We also noted the increasing sophistication of generative tools—capable of producing deepfakes, imitation books in the style of canonical writers like Mark Twain, or visual works channeling established brands such as Studio Ghibli. Here, the potential for on-chain provenance may serve as a process-oriented check, rather than a sure protection.
And beyond individual creators, there's a broader conversation to be had about the impact on collaborative works, where multiple creators contribute to a single piece. The ability to track contributions could redefine collaboration, ensuring each contributor receives fair acknowledgment and compensation.

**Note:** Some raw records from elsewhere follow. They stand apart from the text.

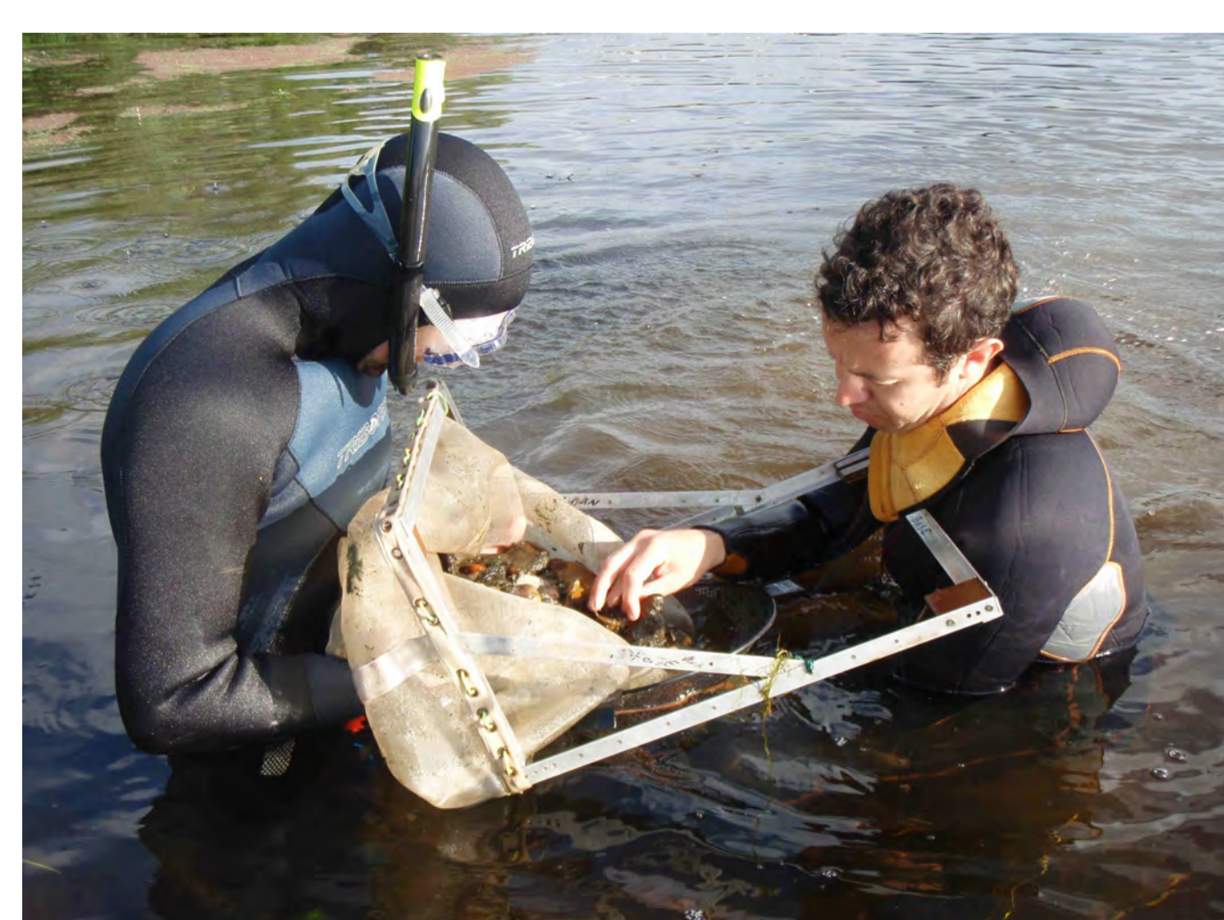
Figure 4 : Tri de sédiment lors d'un double échantillonnage.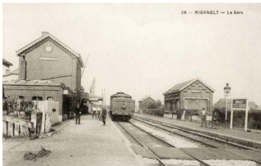
Gare de Mignault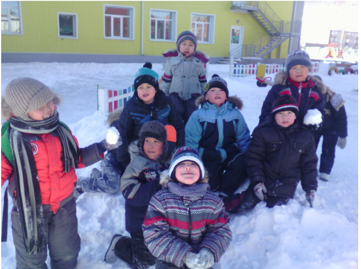
Нам нравится играть в снежки.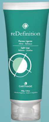
Gel Piernas Ligeras x 200ml

Un programa completo y eficaz que realiza cuatro acciones simultáneas: reduce el contorno corporal, promueve el drenaje disminuyendo la retención de líquidos, reafirma la piel y combate la celulitis rebelde mejorando su aspecto.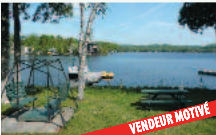
BORD LAC CONNELLY – Vue panoramique! Grand pl.-pied. S.-sol pl. grandeur. Ter. plat de 34 257 p.c. 2 garages doubles. MLS 27485942. 799 000 $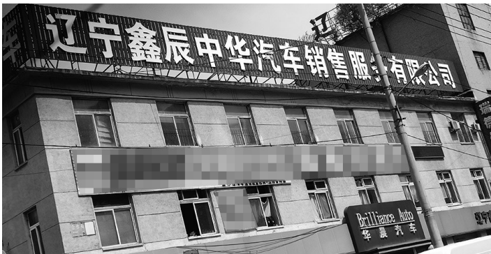
崔先生在辽宁鑫辰中华汽车销售服务有限公司参加一个优惠活动,到期后交的1000元还没有返还。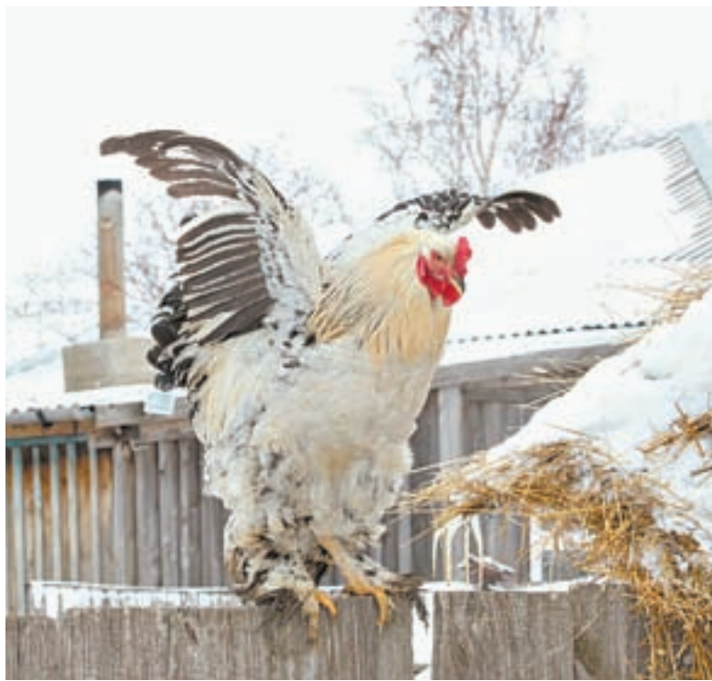
К лету петухи станут настоящими красавцами.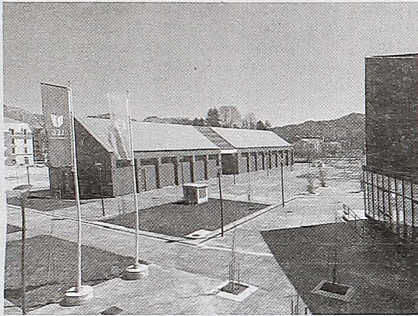
Njeguju identitetske vrijednosti

- UCG njeguje duh zajedništva i pripadnosti istoj akademskoj porodici, za oko 20.000 studenata, preko hiljadu akademskog i neakademskog osoblja, blizu 300 spoljnjih saradnika, i posebno radi na razvijanju osjećaja pripadnosti plemenitoj misli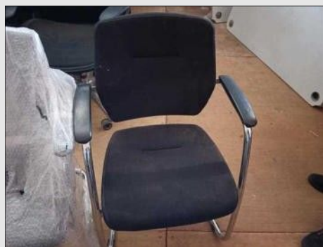
POLTRONA FIXA PES TRAPEZOIDE CROMADO | Item: 28 |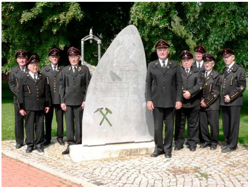
Der Vorstand vor dem Erinnerungsmal Normannische Straße

Die Vereinsmitglieder pflegen weiterhin die Tradition des Bergmannsberufes.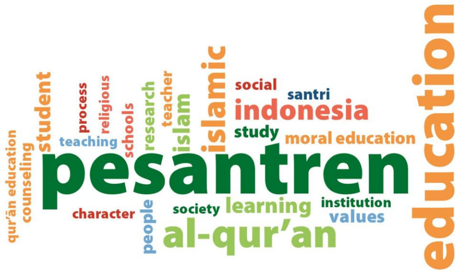
Şekil 1. Kelime Bulutu

Analiz edilen makalelerin çoğunluğu (altı makaleden beşi) İngilizce olduğu için, kelime bulutu ağırlıklı olarak İngilizce terimleri yansıtmaktadır. Ancak, bir makalenin Türkçe olması, bu makaleye ait anahtar terimlerin de analize dahil edilmesini gerektirmiştir. Analizin tutarlılığını ve bütünlüğünü sağlamak amacıyla, Türkçe kelimeler İngilizce karşılıklarına çevrilmiştir. Bu yaklaşım, kelime bulutunun tüm makalelerdeki genel tematik örüntüleri doğru bir şekilde yansıtmayı sağlayarak, dil engelleri olmaksızın bütüncül ve karşılaştırmalı bir tartışma yürütülmesine olanak tanımaktadır. Örneğin, “öğrenci” kelimesi “ student ”, “İslami” kelimesi “ Islamic ”, “eğitim” kelimesi ise “ education ” vb. olarak çevrilmiştir.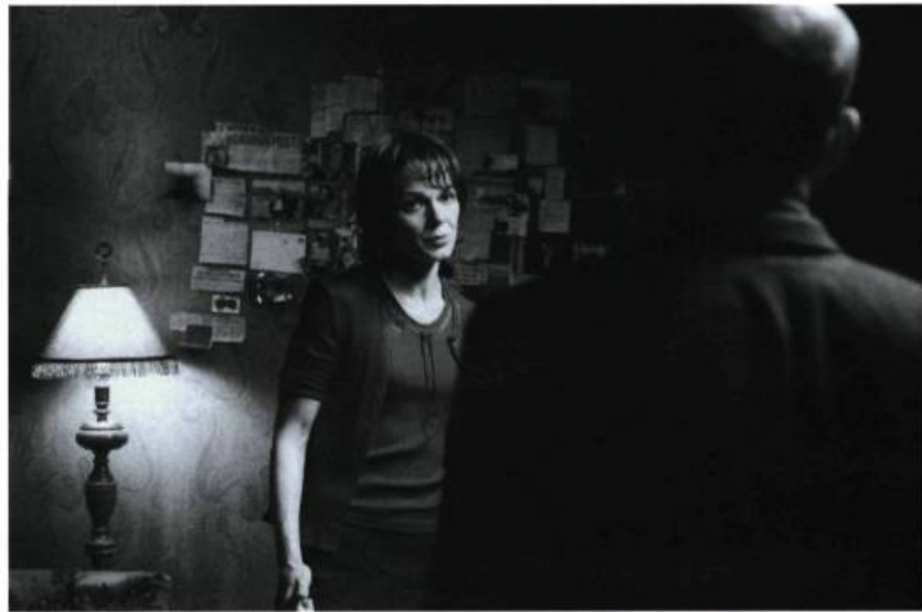
Regards et non-dits

À cela sont également juxtaposés un montage éclectique, serré et syncopé, des cadrages originaux, des plans rapprochés et différents procédés techniques — plongées, contre-plongées, effets de stroboscope, stop motion , fondus enchaînés, etc. — qui donnent à cette production de 4,6 millions de dollars tournée en 29 jours une mouvance soutenue.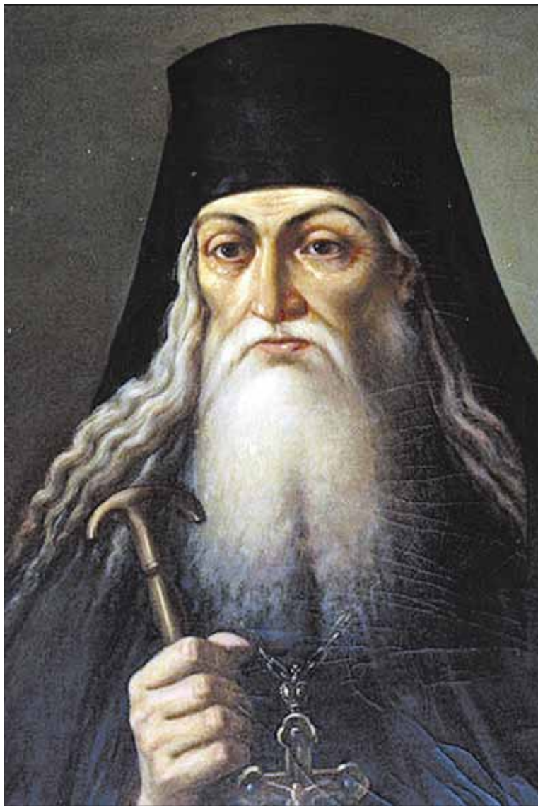
► Šventasis vienuolis Paisijus Veličkovskis.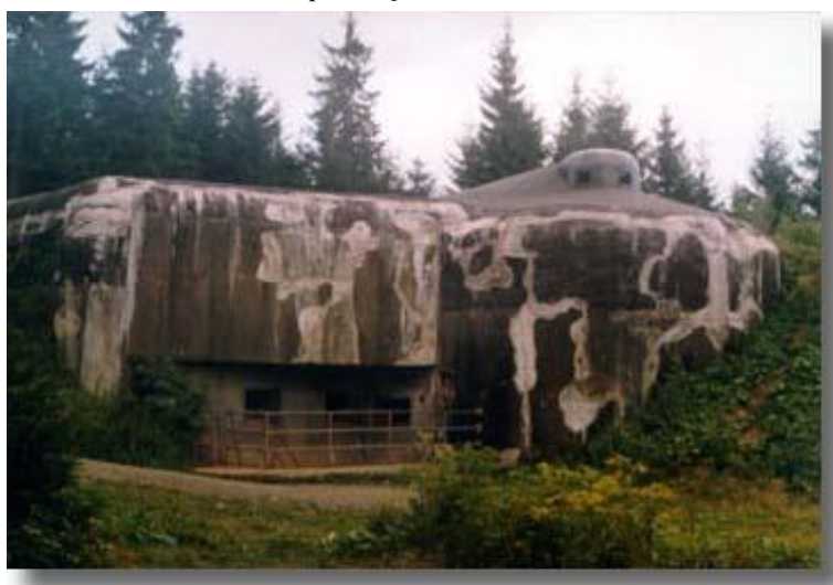
Pevnost Hanička www.hanicka.cz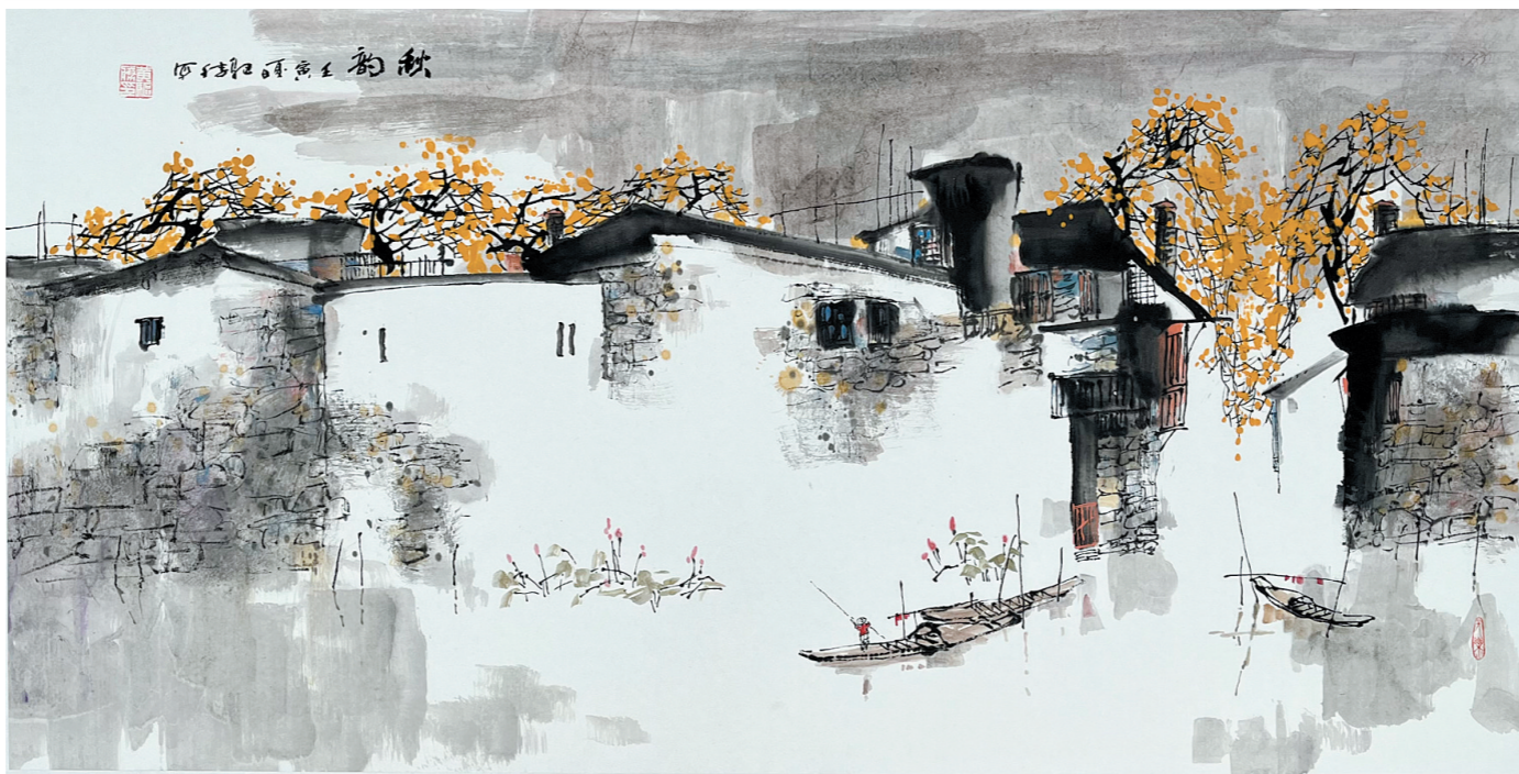
中国画《秋韵》(68x136cm) 黄驱胜 绘

当我们站在秋分的门槛上，回望过去，展望未来，是不是也能像这节气的名字一样，将自己的“人生平分秋色”，一半用于沉淀，一半用于前行？让我们在秋分之际，用心感受自然的节拍，以一颗勤劳的心去收获属于自己的那份金黄。当金黄的叶子轻轻落下，我们不妨拾起一片，感知岁月的温柔，也感受生命的丰盛。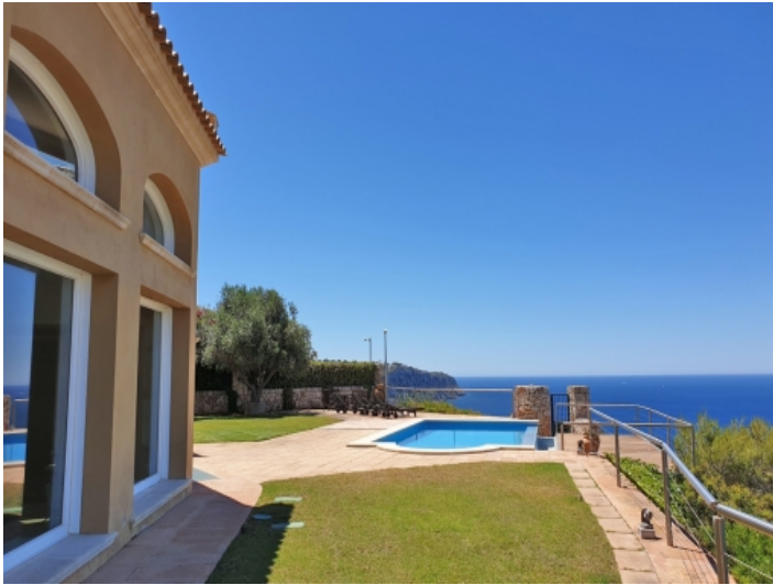
Seitenansicht der Villa

AI, Web3, and the Realities of Resource Use
Toward the episode’s conclusion, we addressed a key limitation: powering AI and maintaining blockchain ledgers comes with significant energy demands. Even simple queries to advanced AI models, or maintaining blockchain operations, can draw as much power as a home, impacting environmental resources. We noted this with some humor, referencing reports about the unexpected costs of being polite to ChatGPT, yet regarded the broader point as a genuine concern.
This evaluation raises strategic opportunities. How can businesses leverage AI and blockchain responsibly? What are the implications for future infrastructure, and how can organizations design systems that consider long-term environmental stewardship in concert with business goals?
What's next?
In our discussion, we underscored that these ideas—AI interpretability, blockchain authorship records, and systematic attribution—are still developing. Most of the benefits remain speculative, dependent on future advances and the collective adoption of new standards. As we look to the future, we’re focused on building systems for authenticity and stewardship in digital authorship. This ongoing journey reflects our core belief: that thoughtful human-centric innovation offers the best path to redemptive marketing.